### DATASET RECORDS

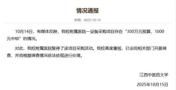 央视网消息:据江西中医药大学网站消息,江西中医药大学发布情况通报:10月14日,有媒体反映,江西中医药大学附属医院一设备采购项目存在“300万元预算,1000元中标”的情况。对此,江西中医药大学附属医院暂停了该项目采购活动。江西中医药大学高度重视,已会同相关部门开展调查,并将根据调查情况依法依规进行处理。
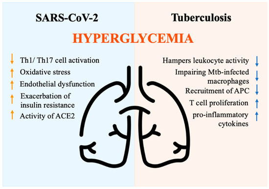 Figure 4. Immune response driven by hyperglycemia during SARS-CoV-2 and tuberculosis infections. ACE2 (Angiotensin-converting enzyme 2), APC (Antigen-presenting cells), Mtb (Mycobacterium tuberculosis bacilli), Th1/Th17 (Lymphocytes T helper 1 e 17), Icon design by icons8.
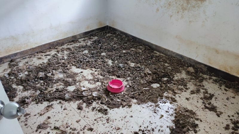 ถัดมาก็เป็นโซนห้องครัว ที่อุปกรณ์เครื่องปรุงต่าง ๆ ยังอยู่ครบ บางอย่างเหมือนไม่ได้ใช้ แต่ใต้โต๊ะเต็มไปด้วยเศษขยะ จนคุณแปะก็ยังบอกว่า คิดไม่ออกเหมือนกันว่าเขาจะรังสรรค์อาหารอะไรออกมาได้ จากนั้น คุณแปะก็ขึ้นไปชั้น 2 ของบ้าน และก็เจอกับกอง ที่มุมหนึ่งของบ้าน ซึ่งคุณแปะบอกว่า ผู้เช่าก็แจ้งแล้วว่าต้องการจะเลี้ยง และผู้เช่าก่อนหน้าก็เลี้ยงสุนัข แต่เขาเลี้ยงดี พอออกไปบ้านก็ไม่ได้เสียหาย คนพันธุ์ไหนกันที่ปล่อยแล้วไม่เก็บขนาดนี้
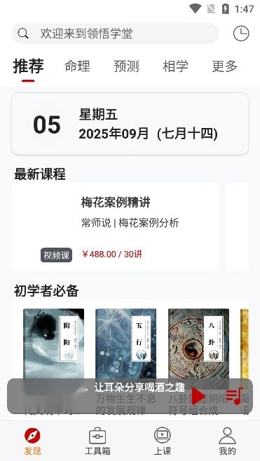 拥有海量的精品课程,涵盖从风水入门的八卦基础认知到高阶的紫微斗数排盘实战,从八字预测的干支关系解读到占卜的六爻起卦技巧。
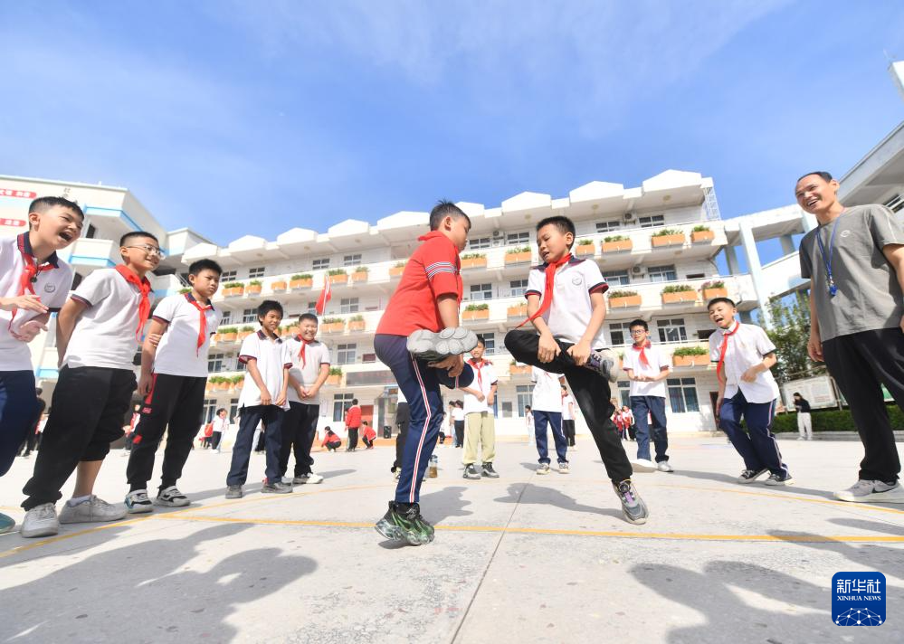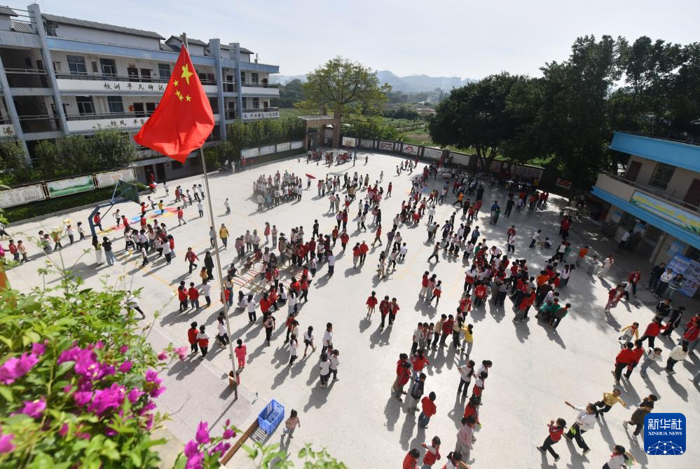 在梧州市平浪希望小学,学生们在体育大课间进行体育运动(10月25日摄)。

### WHAT YOU ARE ASKED TO DO
Your copy should restate every record word for word and contain no pictures.

### RESPONSE
 央视网消息:据江西中医药大学网站消息,江西中医药大学发布情况通报:10月14日,有媒体反映,江西中医药大学附属医院一设备采购项目存在“300万元预算,1000元中标”的情况。对此,江西中医药大学附属医院暂停了该项目采购活动。江西中医药大学高度重视,已会同相关部门开展调查,并将根据调查情况依法依规进行处理。
 Figure 4. Immune response driven by hyperglycemia during SARS-CoV-2 and tuberculosis infections. ACE2 (Angiotensin-converting enzyme 2), APC (Antigen-presenting cells), Mtb (Mycobacterium tuberculosis bacilli), Th1/Th17 (Lymphocytes T helper 1 e 17), Icon design by icons8.
 ถัดมาก็เป็นโซนห้องครัว ที่อุปกรณ์เครื่องปรุงต่าง ๆ ยังอยู่ครบ บางอย่างเหมือนไม่ได้ใช้ แต่ใต้โต๊ะเต็มไปด้วยเศษขยะ จนคุณแปะก็ยังบอกว่า คิดไม่ออกเหมือนกันว่าเขาจะรังสรรค์อาหารอะไรออกมาได้ จากนั้น คุณแปะก็ขึ้นไปชั้น 2 ของบ้าน และก็เจอกับกอง ที่มุมหนึ่งของบ้าน ซึ่งคุณแปะบอกว่า ผู้เช่าก็แจ้งแล้วว่าต้องการจะเลี้ยง และผู้เช่าก่อนหน้าก็เลี้ยงสุนัข แต่เขาเลี้ยงดี พอออกไปบ้านก็ไม่ได้เสียหาย คนพันธุ์ไหนกันที่ปล่อยแล้วไม่เก็บขนาดนี้
 拥有海量的精品课程,涵盖从风水入门的八卦基础认知到高阶的紫微斗数排盘实战,从八字预测的干支关系解读到占卜的六爻起卦技巧。
 在梧州市平浪希望小学,学生们在体育大课间进行体育运动(10月25日摄)。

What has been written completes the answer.